I have felt free to edit the the postings to avoid repetition, to change the formatting and to cut out anything I deemed irrelevant. The order of the routines in this document is more or less the order in which they were posted in this thread. Some of the routines are better than others.
I have no intention of maintaining a FAQ for comp.sys.arm, however, I also have archived another thread on square root routines.
[2012-06-07: ManuTOO pointed out to me that the original article appears to contain an error. This is marked, and corrections suggested, in text highlighed in the same manner as this paragraph]
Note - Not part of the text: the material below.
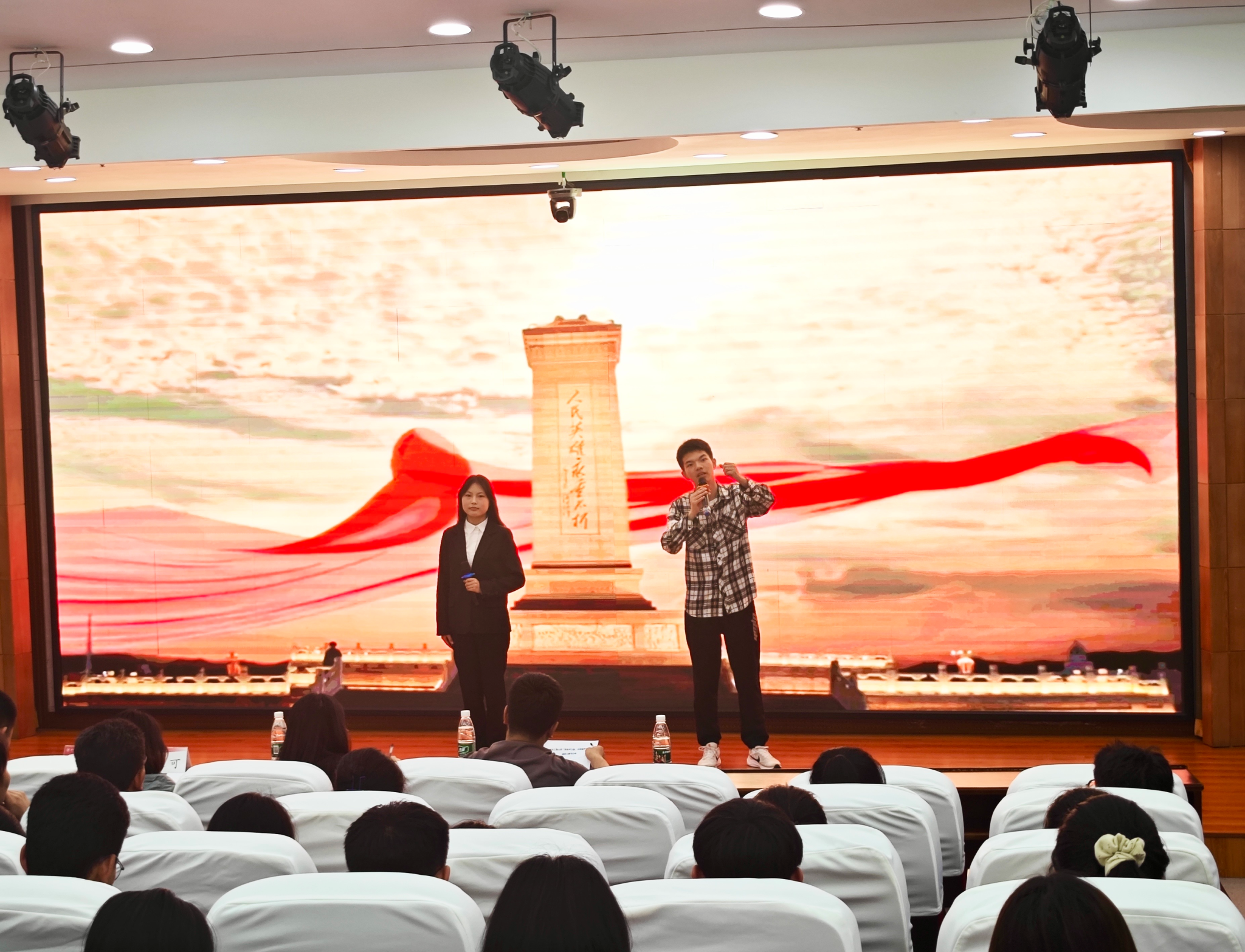 刘俊富首先致辞,他指出中华文化博大精深、源远流长,其中蕴含着深厚的民族正气、爱国情怀和道德品质,通过诵读这一形式,能够帮助青年学子以声传情、以声明志,更深入地理解中华优秀传统文化的精髓,感受经典的魅力。他勉励参赛同学要珍惜机会,全力以赴;要团结协作,共同进步;要不断学习,追求卓越,以赛促学,进一步培养自身的道德修养,增强文化自信和社会责任感。

When doing graphics, e.g. raytracing, it is often necessary to normalize vectors, i.e. given (x,y) to calculate (x/l,y/l) where l = sqrt(x^2+y^2), or similar for (x,y,z) when in 3D. This is quite expensive to calculate on the ARM since there is no built-in divide or square root. The usual procedure is to first calculate l using a software square-root and then use software divide two or three times afterwards or to compute 1/sqrt(...) once and multiply by this, which is faster when you have hardware multiply (especially on the StrongARM). However, 1/sqrt(k) is normally (to my knowledge) done using first a software squareroot and then a software divide. My idea is that you can do 1/sqrt(k) faster than this.
I assume that k is normalized so. 0.25<=k<1, as is usual for square root routines. This means that the result is 1<r<=2.
We must find r = 1/sqrt(k). This is the same as solving k*r^2 = 1. We now try to do this by a binary search:
r = 1.0; for (i = 1; i <= precision; i++) if (k*(r+0.5^i)^2 <= 1.0) then r += 0.5^i;Now, the squaring and the multiplication are expensive, so this is not a good way of doing it. We may, however, do these operations incrementally, using
k*(r+0.5^i)^2 = k*r^2+k*0.5^(2*i)+2*k*r*0.5^i
.
So we use variables kr2 to hold k*r^2 and kr to hold 2*k*r.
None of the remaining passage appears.